6/10 The paper delivers a solid, practically impactful contribution by achieving a superior accuracy-efficiency trade-off with conceptual simplicity over more complex state-of-the-art methods, but the individual components (SFT + RL with length penalty) are not fundamentally novel in isolation—the novelty lies in their careful combination and the new evaluation metric.

Methodology

Stage 1 (SFT): Fine-tune the base LLM using either rejection sampling (selecting short correct traces) or reasoning trace reformatting (truncating/restructuring existing traces) to instill a preference for concise reasoning
Stage 2 (RL): Apply reinforcement learning with an adaptive length penalty reward that penalizes tokens generated beyond the first correct answer, while optionally rewarding self-verification steps only when they demonstrably improve answer quality
Stage 3 (Evaluation): Assess the trained model holistically across seven reasoning tasks using both standard accuracy and the AUC_OAA metric to quantify the accuracy-vs-length Pareto trade-off

System Components

Rejection Sampling SFT

Filters training traces to retain only short, correct reasoning paths, teaching the model that concise solutions are preferred

Reasoning Trace Reformatting SFT

Restructures or truncates existing reasoning traces to remove redundant steps, creating a cleaner supervised signal for brevity

Adaptive Length Penalty (RL)

A reward signal in RL that penalizes tokens generated after the first correct answer is reached, discouraging unnecessary continuation

Selective Self-Verification Reward

A component of the reward function that encourages self-verification steps only when they have been shown to improve final answer correctness, avoiding blanket penalization of all verification

AUC_OAA Metric

Area Under the Overthinking-Adjusted Accuracy curve—a new holistic evaluation metric that jointly captures accuracy and response length efficiency across varying length budgets

Results

Metric/Benchmark	Base Model	This Paper	Delta
Response Length (8B models)	Baseline length	-28% shorter	-28%
Response Length (32B models)	Baseline length	-40% shorter	-40%
Accuracy Drop (8B models)	—	-1.6 points	-1.6 pts
Accuracy Drop (32B models)	—	-2.5 points	-2.5 pts
AUC_OAA Score	71.6 (base model)	76.6	+5.0 pts
AUC_OAA vs 2nd best method	74.1 (2nd best)	76.6	+2.5 pts

Key Takeaways

Combining a concise-reasoning SFT warm-up with RL length penalties is a practical recipe for reducing inference compute costs by 28-40% with minimal accuracy loss—making it deployable for cost-sensitive production LLM systems
Rewarding self-verification selectively (only when beneficial) rather than penalizing all extended reasoning avoids over-pruning and preserves accuracy on problems that genuinely benefit from verification steps
The AUC_OAA metric is a useful tool for practitioners evaluating efficient reasoning methods, as it captures the full accuracy-vs-length trade-off rather than a single operating point, enabling fairer comparison across methods

Abstract

The reasoning capabilities of large language models (LLMs) have improved substantially through increased test-time computation, typically in the form of intermediate tokens known as chain-of-thought (CoT). However, CoT often becomes unnecessarily long, increasing computation cost without actual accuracy gains or sometimes even degrading performance, a phenomenon known as ``overthinking''. We propose a multi-stage efficient reasoning method that combines supervised fine-tuning -- via rejection sampling or reasoning trace reformatting -- with reinforcement learning using an adaptive length penalty. We introduce a lightweight reward function that penalizes tokens generated after the first correct answer but encouraging self-verification only when beneficial.
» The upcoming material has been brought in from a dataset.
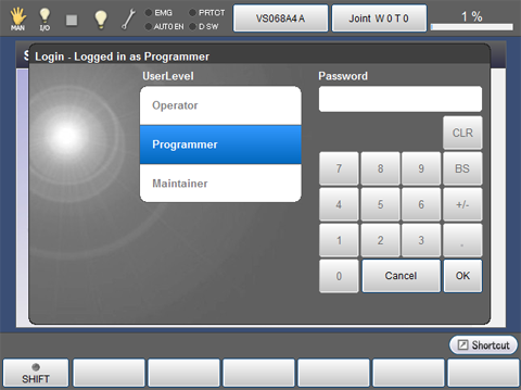 After selecting the user level to login, enter password with ten key, and press [OK] to login with the specified user level.

We conduct a holistic evaluation across seven diverse reasoning tasks, analyzing the accuracy-response length trade-off. Our approach reduces response length by an average of 28\% for 8B models and 40\% for 32B models, while incurring only minor performance drops of 1.6 and 2.5 points, respectively. Despite its conceptual simplicity, it achieves a superior trade-off compared to more complex state-of-the-art efficient reasoning methods, scoring 76.6, in terms of the area under the Overthinking-Adjusted Accuracy curve ($\text{AUC}_{\text{OAA}}$) -- 5 points above the base model and 2.5 points above the second-best approach.